**WORK TO COMPLETE**
All lines of the material that contain "with" must be copied out.

**ENTRIES SHOWN**
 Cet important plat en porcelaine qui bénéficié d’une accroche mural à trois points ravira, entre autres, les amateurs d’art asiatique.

==

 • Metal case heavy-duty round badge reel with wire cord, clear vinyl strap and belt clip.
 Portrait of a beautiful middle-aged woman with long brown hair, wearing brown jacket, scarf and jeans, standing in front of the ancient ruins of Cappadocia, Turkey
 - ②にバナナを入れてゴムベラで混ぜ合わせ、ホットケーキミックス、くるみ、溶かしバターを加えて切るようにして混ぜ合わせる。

==

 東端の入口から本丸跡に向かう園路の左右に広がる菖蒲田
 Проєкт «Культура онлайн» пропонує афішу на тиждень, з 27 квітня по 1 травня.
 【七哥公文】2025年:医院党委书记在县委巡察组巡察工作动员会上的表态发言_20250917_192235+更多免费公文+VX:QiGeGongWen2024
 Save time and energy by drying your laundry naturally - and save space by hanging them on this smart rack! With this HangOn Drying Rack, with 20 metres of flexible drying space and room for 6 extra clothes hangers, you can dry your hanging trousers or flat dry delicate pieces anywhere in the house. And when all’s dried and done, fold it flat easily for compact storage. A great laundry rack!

**ANSWER BELOW**
 • Metal case heavy-duty round badge reel with wire cord, clear vinyl strap and belt clip.
 Portrait of a beautiful middle-aged woman with long brown hair, wearing brown jacket, scarf and jeans, standing in front of the ancient ruins of Cappadocia, Turkey
 Save time and energy by drying your laundry naturally - and save space by hanging them on this smart rack! With this HangOn Drying Rack, with 20 metres of flexible drying space and room for 6 extra clothes hangers, you can dry your hanging trousers or flat dry delicate pieces anywhere in the house. And when all’s dried and done, fold it flat easily for compact storage. A great laundry rack!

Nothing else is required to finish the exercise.